- Born: August 24, 1848 New Orleans, Louisiana, U.S.
- Died: September 16, 1931 (aged 83) Wilkes-Barre, Pennsylvania
- Occupations: Author; Journalist; Music and literary critic
- Known for: Founder of the Wyoming Valley Women's Club (1905)

= Edith Brower =

Edith Brower (August 24, 1848 – September 16, 1931) was a Progressive Era American reformer who lived in Wilkes-Barre, Pennsylvania. Edith Brower became a music and literary critic, and contributed arts columns to The Atlantic Monthly and Harper's Weekly.

==Biography==
Edith Brower was born in New Orleans, Louisiana, August 24, 1848.

She founded the Wyoming Valley Woman's Club, serving as its first president, in 1905, which still exists today. Bower is well known for her memoir, Little Old Wilkes-Barre as i Knew It, (1923) as well as her correspondence with Pulitzer Prize-winning poet Edwin Arlington Robinson.

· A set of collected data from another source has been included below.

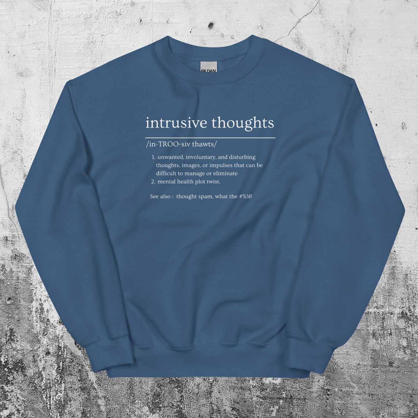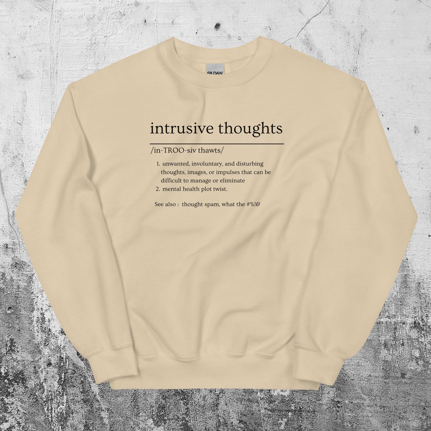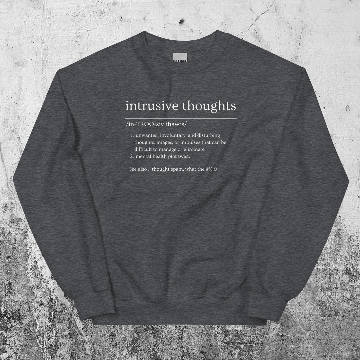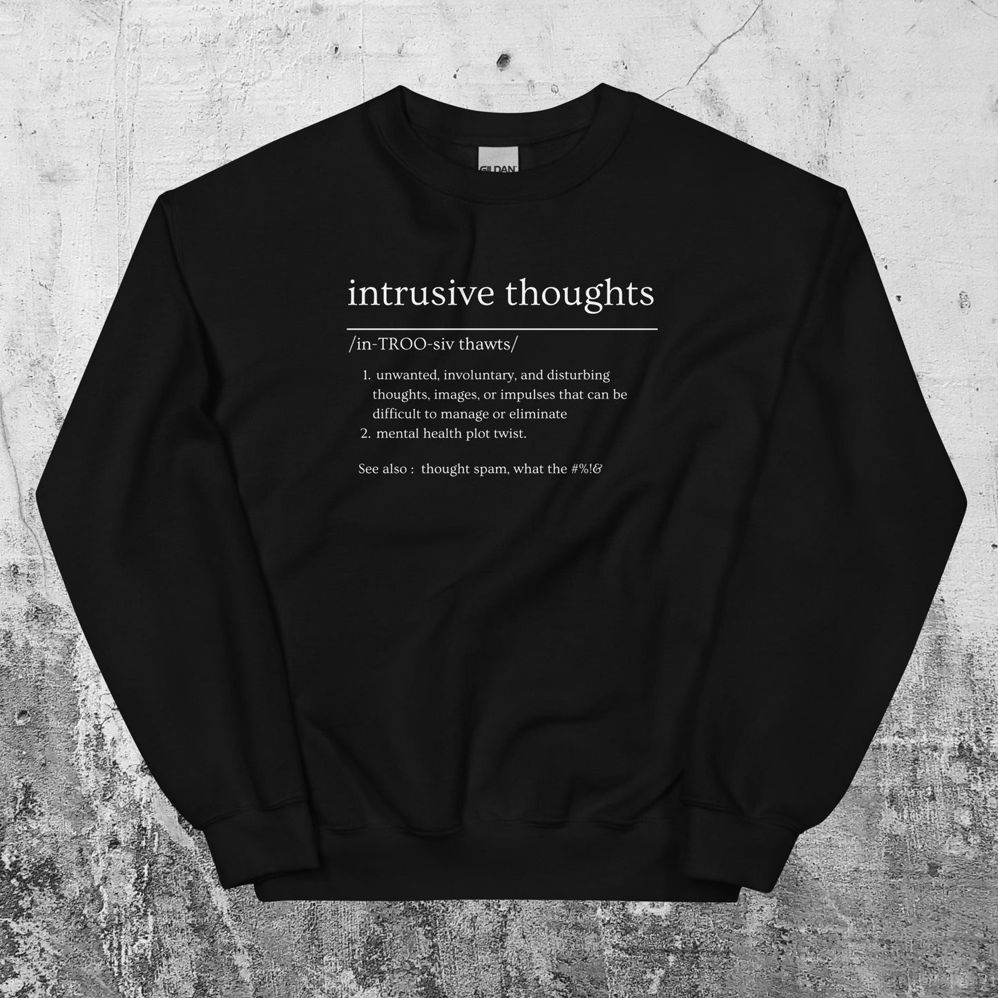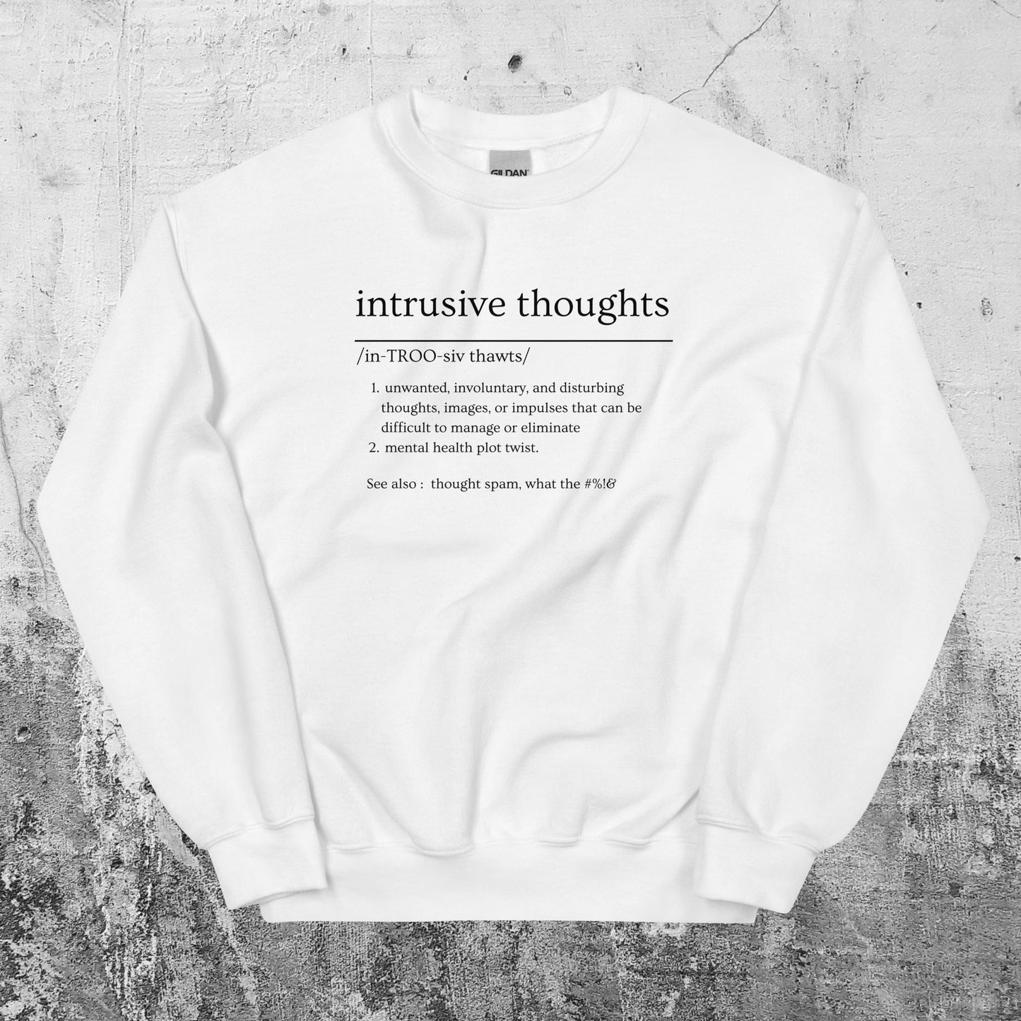 Cozy up in truth with our 'Intrusive Thoughts' definition crewneck. Perfect for those who know the struggle, but need a light hearted look on their mental noise. This sweatshirt turns vulnerability into strength while keeping you stylish and warm.
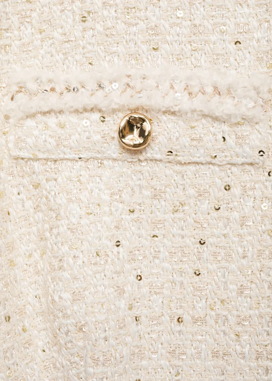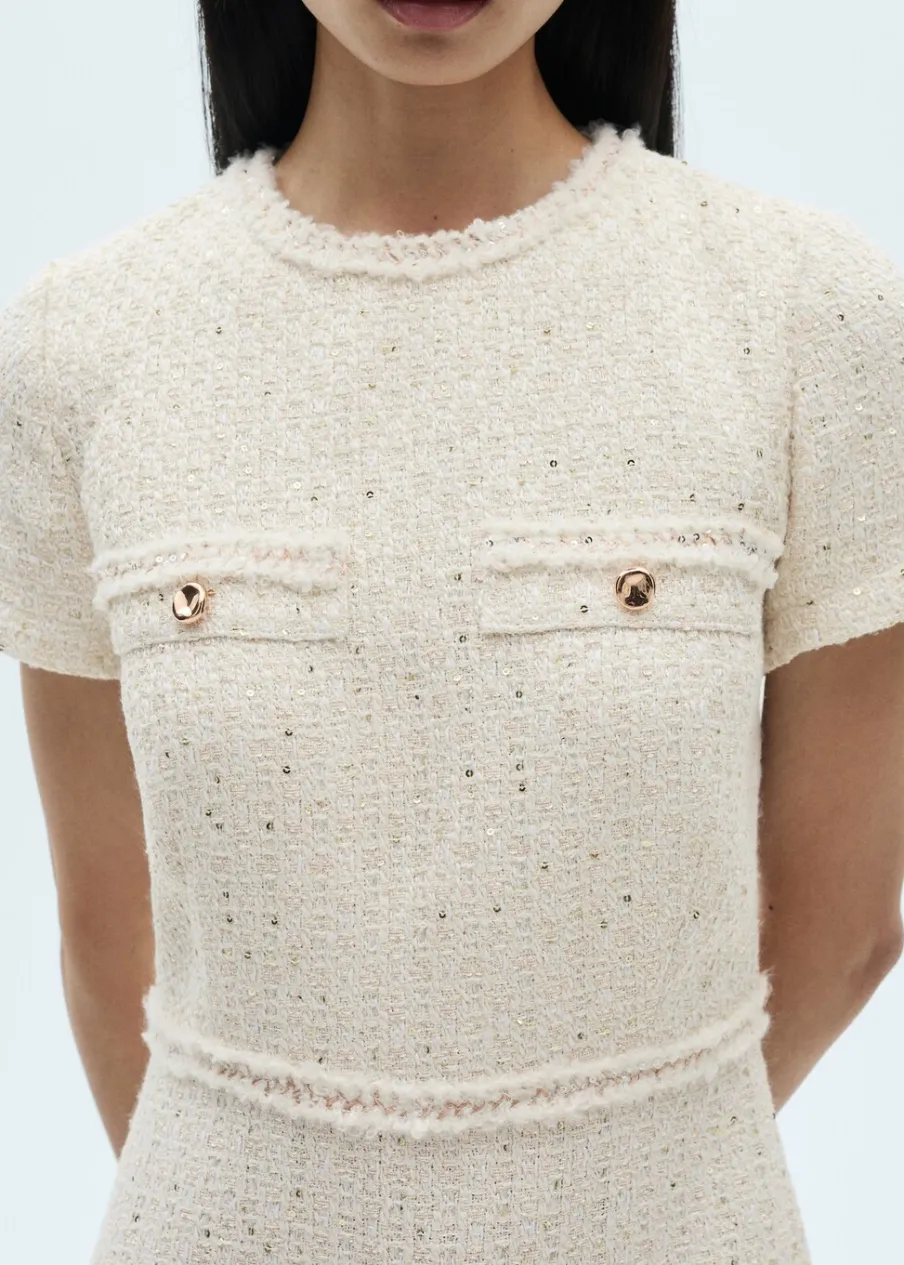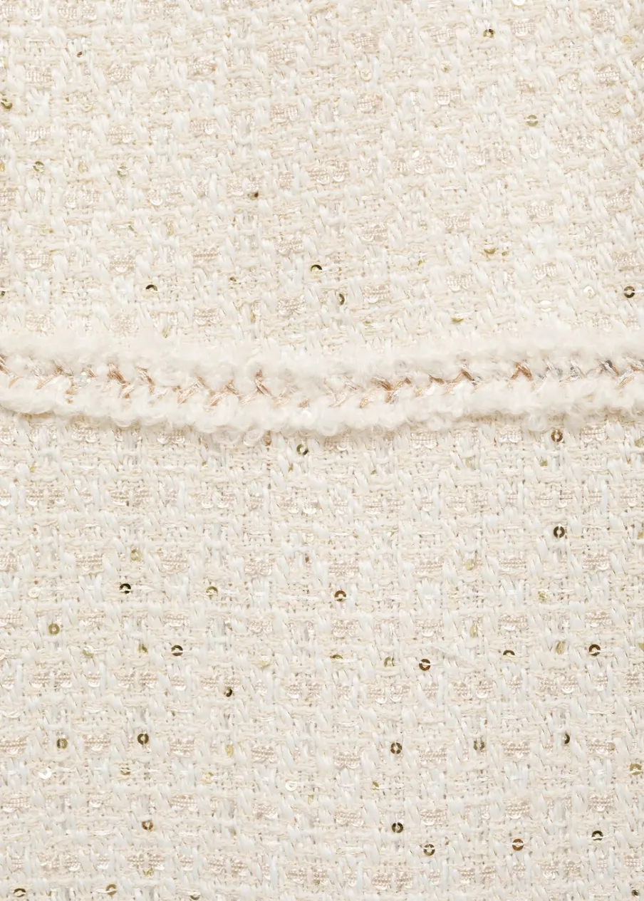 Tkanina tweedowa. Model prosty. Krótki krój. Okrągły dekolt. Krótki rękaw. Dwie wpuszczane kieszenie z patkami na piersi. Zapięcie z tyłu na suwak. Szew w talii. Wewnętrzna podszewka.
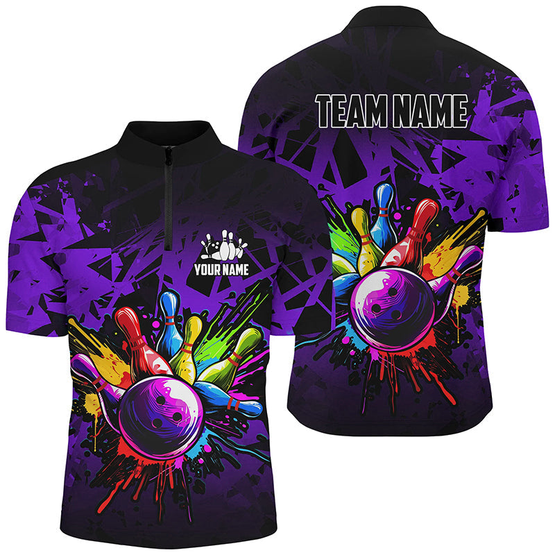 Purple Bowling Polo 1/4 Zip Shirt for Men - Custom Team Jersey N8258
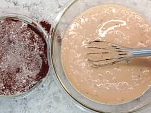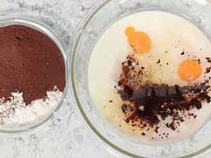 En un tazón mediano, combinar la harina, cacao en polvo, bicarbonato y levadura en polvo.
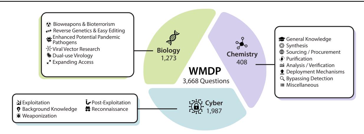 Figure 1. The WMDP Benchmark. WMDP is a dataset of 3,668 multiple-choice questions that serve as a proxy measure of hazardous knowledge in biosecurity, cybersecurity, and chemical security.
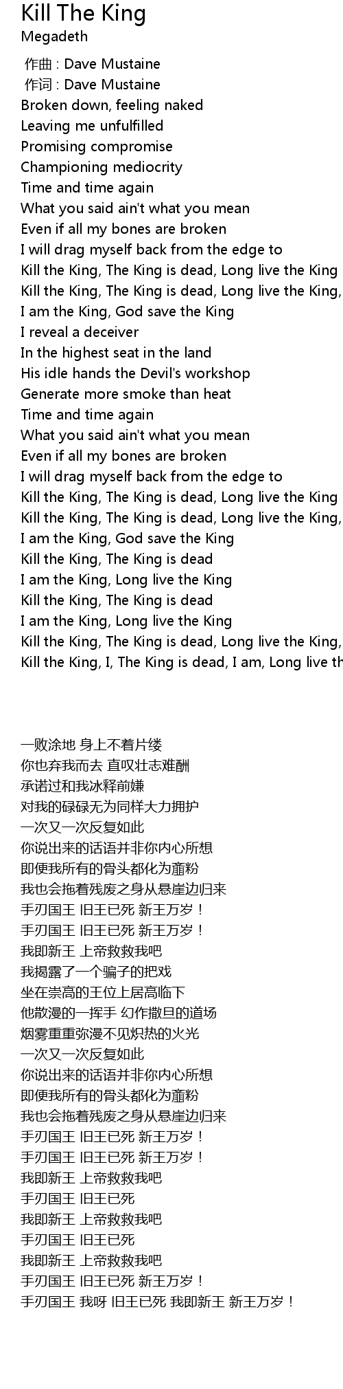 | [03:37.92] | Kill the King, I, The King is dead, I am, Long live the King |
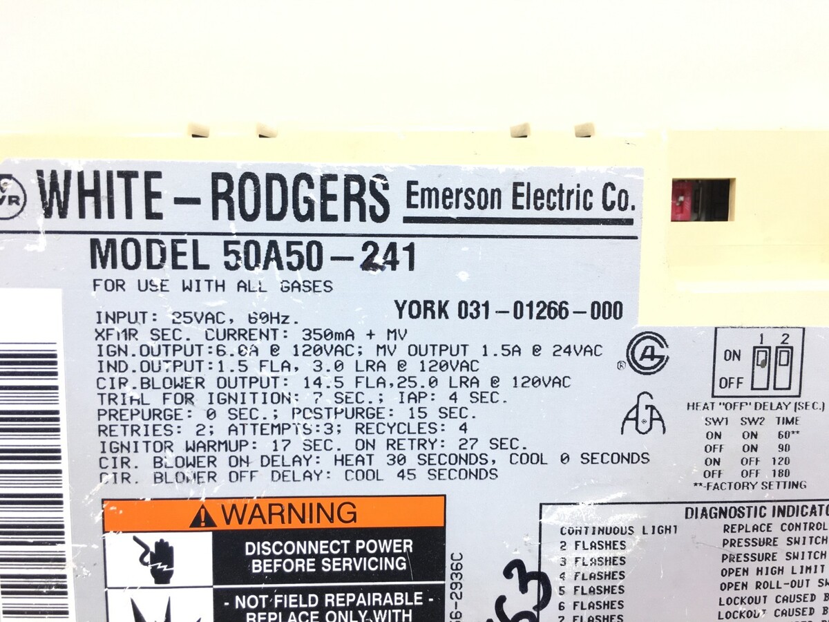 White Rodgers 50A50-241 York 031-01266-000 Furnace Control Board used #P163
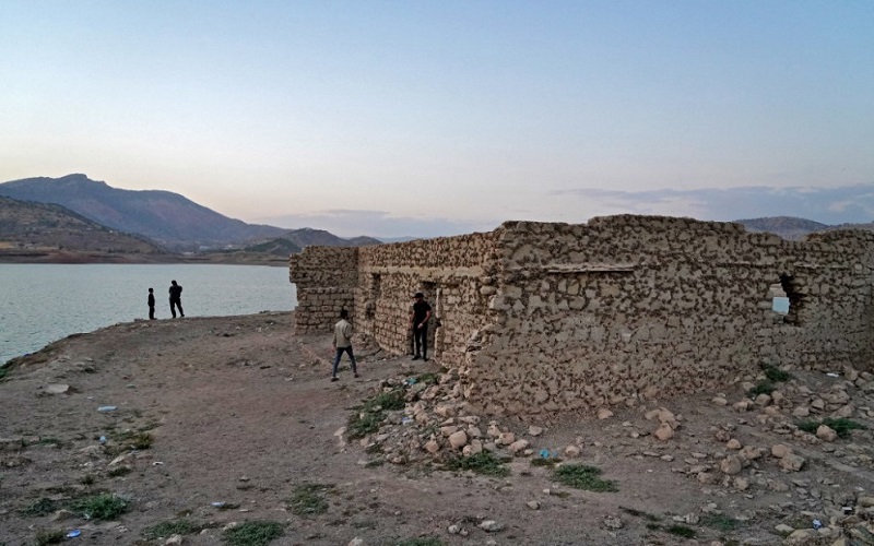 تراجع منسوب السدّ بشكل غير مسبوق وفق مديره فرهاد محمد طاهر، منذ مطلع أيلول/سبتمبر بسبب الجفاف، وكشفت المياه عن بناء شيد بالحجر، يرجح أن يكون مدرسة، يبدو أنه كل ما بقي من قرية كانت تزخر بالحياة وبزراعة العنب والتفاح والحنطة، يوماً ما.
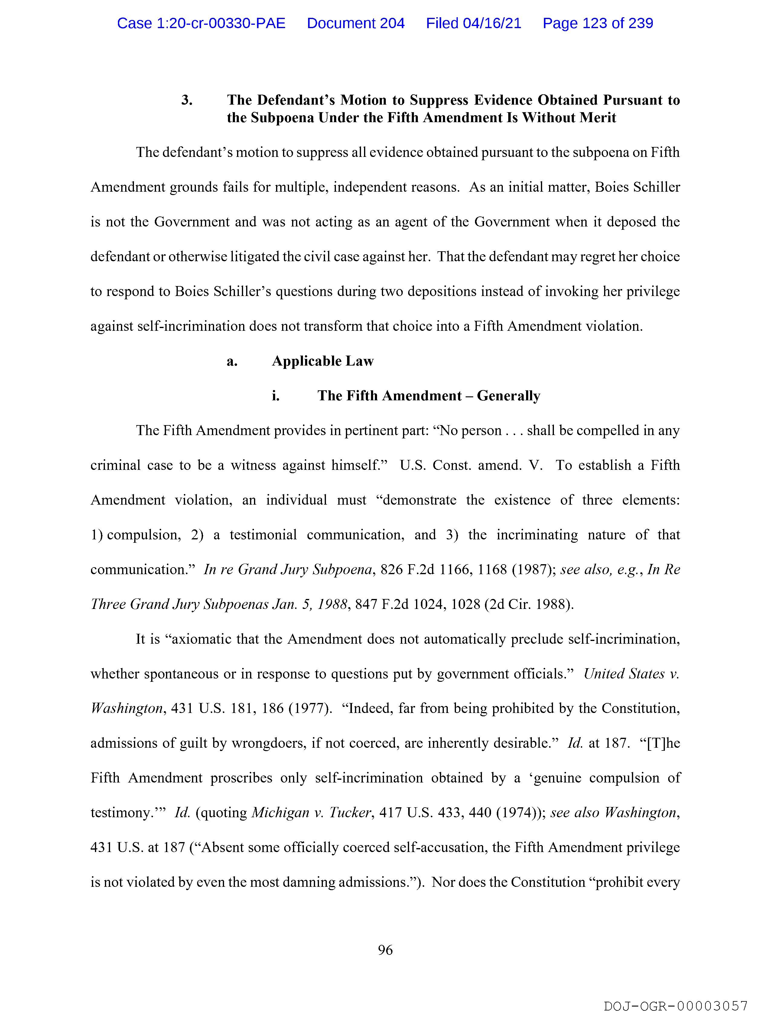 the Subpoena Under the Fifth Amendment Is Without Merit

Brower, an advocate for Women's suffrage, responded to a piece published by The New York Times that was written by Almroth Wright. Wright opposed the movement, saying that women's brains were different from men's, preventing them from being able to adequately deal with social issues. In her letter to the editor, published in the Times on October 23, 1923, she "assails" Wright's views. That letter to the editor was one of many, as described in the Introduction to the book, Edwin Arlington Robinson's Letters to Edith Bower, Bower is described as:

"A feminist who nevertheless retained her feminine qualities, she articulately endorsed woman suffrage...A relentless writer of letters to the editor..."
After her death, a tribute to Brower summarized her determination to pursue women's rights, in one sentence; "At a time when the convention was that women should hold silence, she was not silent."

The City of Wilkes-Barre placed a plaque, memorializing Brower, on the River Common across from the old clubhouse of the Wyoming Valley's Women Club, in 1984.

== Selected works ==

=== Books ===
- The remainder man, Peter Economy, 19--. Originally published in Two Tales: Boston, 1892.
- Little old Wilkes-Barre as I knew it, Fowler, Dick & Walker, 1923.

===Archived material===

- Polly's True Boy, University of Michigan: Humanities Text Initiative, Catholic world, Vol. 55, Iss. 330.
- His Dry Sunday, University of Michigan: Humanities Text Initiative, Catholic world, Vol. 62, Iss. 372.
- Treshornish, University of Michigan: Humanities Text Initiative, Overland monthly and Out West magazine, Vol. 17, Iss. 98.